╭─ Material to process
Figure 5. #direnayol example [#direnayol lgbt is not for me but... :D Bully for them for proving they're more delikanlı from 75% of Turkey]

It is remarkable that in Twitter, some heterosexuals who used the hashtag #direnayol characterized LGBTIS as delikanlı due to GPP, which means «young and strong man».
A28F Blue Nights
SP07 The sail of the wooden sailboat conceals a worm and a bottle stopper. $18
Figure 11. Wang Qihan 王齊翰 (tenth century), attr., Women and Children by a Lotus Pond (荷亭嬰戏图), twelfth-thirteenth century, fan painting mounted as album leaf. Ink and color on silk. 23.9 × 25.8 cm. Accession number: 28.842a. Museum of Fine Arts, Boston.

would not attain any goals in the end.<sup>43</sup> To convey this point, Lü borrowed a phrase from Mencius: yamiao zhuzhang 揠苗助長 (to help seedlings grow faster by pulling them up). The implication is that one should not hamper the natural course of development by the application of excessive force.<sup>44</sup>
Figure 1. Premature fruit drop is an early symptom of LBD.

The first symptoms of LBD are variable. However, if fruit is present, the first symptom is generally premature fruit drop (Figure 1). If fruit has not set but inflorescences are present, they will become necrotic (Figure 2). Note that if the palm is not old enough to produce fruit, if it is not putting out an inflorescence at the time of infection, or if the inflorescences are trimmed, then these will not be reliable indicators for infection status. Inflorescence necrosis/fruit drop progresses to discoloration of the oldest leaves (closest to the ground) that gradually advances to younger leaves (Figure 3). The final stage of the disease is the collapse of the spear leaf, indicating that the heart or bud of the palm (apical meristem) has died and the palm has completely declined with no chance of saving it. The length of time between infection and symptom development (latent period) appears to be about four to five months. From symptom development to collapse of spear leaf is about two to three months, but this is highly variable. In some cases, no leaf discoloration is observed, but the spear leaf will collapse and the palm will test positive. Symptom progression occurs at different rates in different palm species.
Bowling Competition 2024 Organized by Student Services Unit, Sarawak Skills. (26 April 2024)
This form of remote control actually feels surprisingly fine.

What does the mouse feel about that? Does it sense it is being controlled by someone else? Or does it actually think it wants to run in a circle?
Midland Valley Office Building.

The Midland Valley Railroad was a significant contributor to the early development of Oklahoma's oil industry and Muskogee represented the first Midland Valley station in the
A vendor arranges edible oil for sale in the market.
╰─
= Assigned task =
Go through the entries and copy each line holding the string "actually".

= Result =
This form of remote control actually feels surprisingly fine.
What does the mouse feel about that? Does it sense it is being controlled by someone else? Or does it actually think it wants to run in a circle?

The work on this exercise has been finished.